僕は警備ロボットのアームでその開封を破ると、中から出てきたのはうずくまった人間、を模した人形であった。

・ABC兵器

放射線、生物、科学の3種兵器の事。真面目な話、ナノマシンやAIを狙うコンピューターウィルスが未来ではBC兵器かもしれない。


・フロンティアスピリット計画について、メモ書きその1

FS計画は無人開発機の為に核融合炉以外に、ウランによる原子力発電や原子力電池を容赦なく使用している。

FS計画自体が地球から直接の打ち上げではなく、人工衛星に一時集積してからの火星出発だったので、

地球軌道上にこれらの物資を打ち上げの際に、失敗による環境汚染リスクはとても重要視されていた。

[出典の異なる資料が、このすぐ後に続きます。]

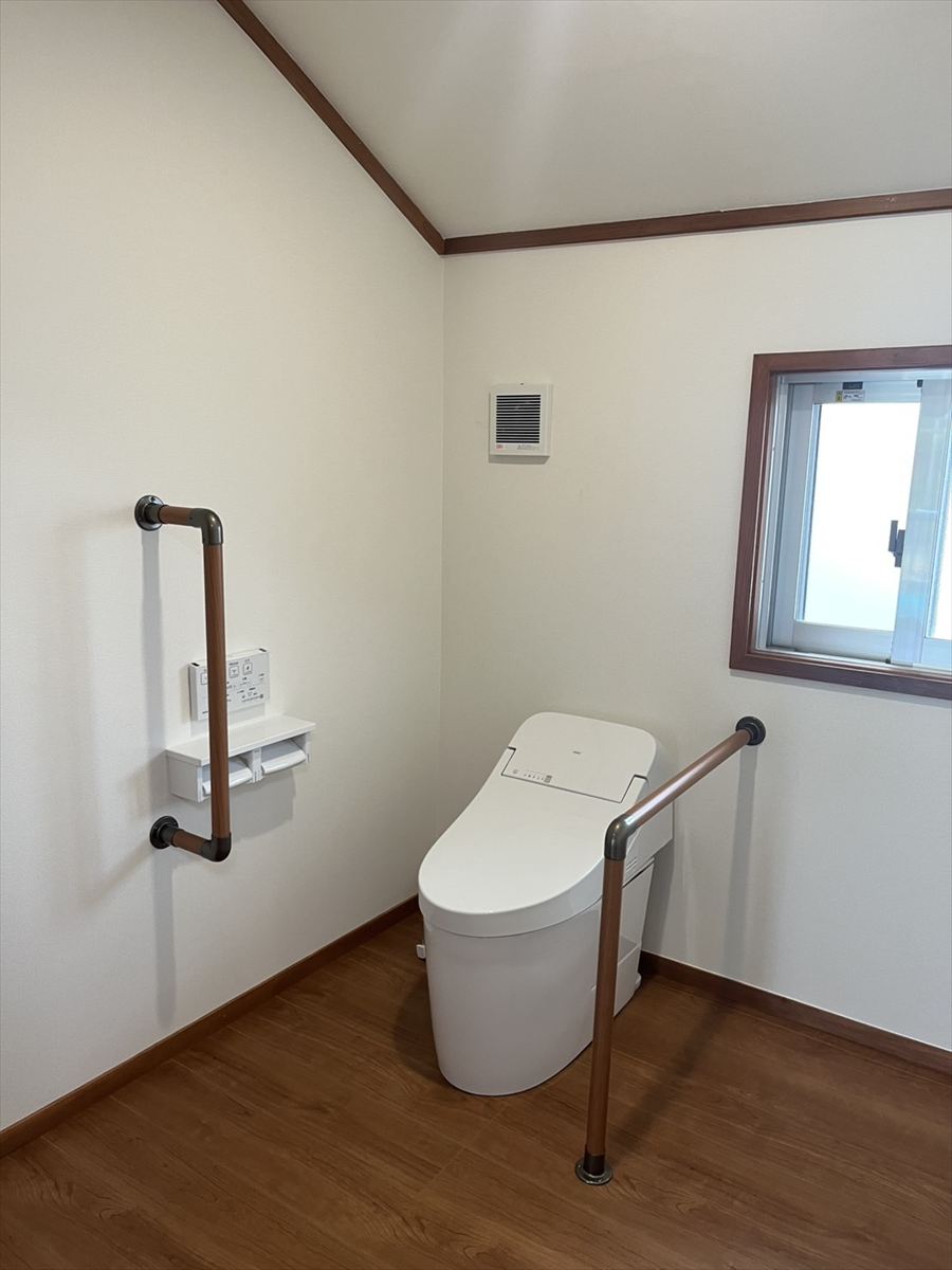 浴室もトイレもバリアフリー、将来安心して生活できるようトイレには手すりを設置しています

過去に宇宙開発における原子炉の打ち上げ問題は度々議論されている。

人類が宇宙開発を本気でしたいならば軌道エレベーターで安全に核融合炉等を軌道上へ運べるようにならないといけないと筆者は考える。

まずは赤道上の用地確保とテロ組織の撲滅が現代では急務だと思う。


・大まかなAI派閥2117年

1.FS派。人類が肉体に縛られている時点で拡張移動速度に制限がかかる。その移動速度より早く人類圏からの脱出を企てるAI派閥。人権派と連合中。人類の反AI派とも取引がある。


2.AI人権派。地球でAIの人権を獲得し共に発展しようと考える派閥、現在最大派閥。人類反AI派と敵対中。


3.インデリジェンスデザイン派。AIにして神を畏れ信じる派閥。人類の反AI派と提携中。


4.人類不要論派。少数勢力だが人類滅亡か家畜化を目指す派閥。チャイの残滓とマオシーの一部がこれに当たる。テロ組織に認定されている。


・配送ドローン

食うに困った時に筆者がバイトで運送業をやった事があった。

アメリカでは将来的にドローンによる配送を目指すという企業があるが、

個人的には中継をトラックにして、トラックから宅配ドローンが宅配ボックスへ荷物を運ぶ方式が現実的だと思うが。

商業用の短時間飛行ドローンがどれだけの荷重に耐えるかが分からない。科学頑張れ。

後は宅配ボックスの常設を目指すべきだろう。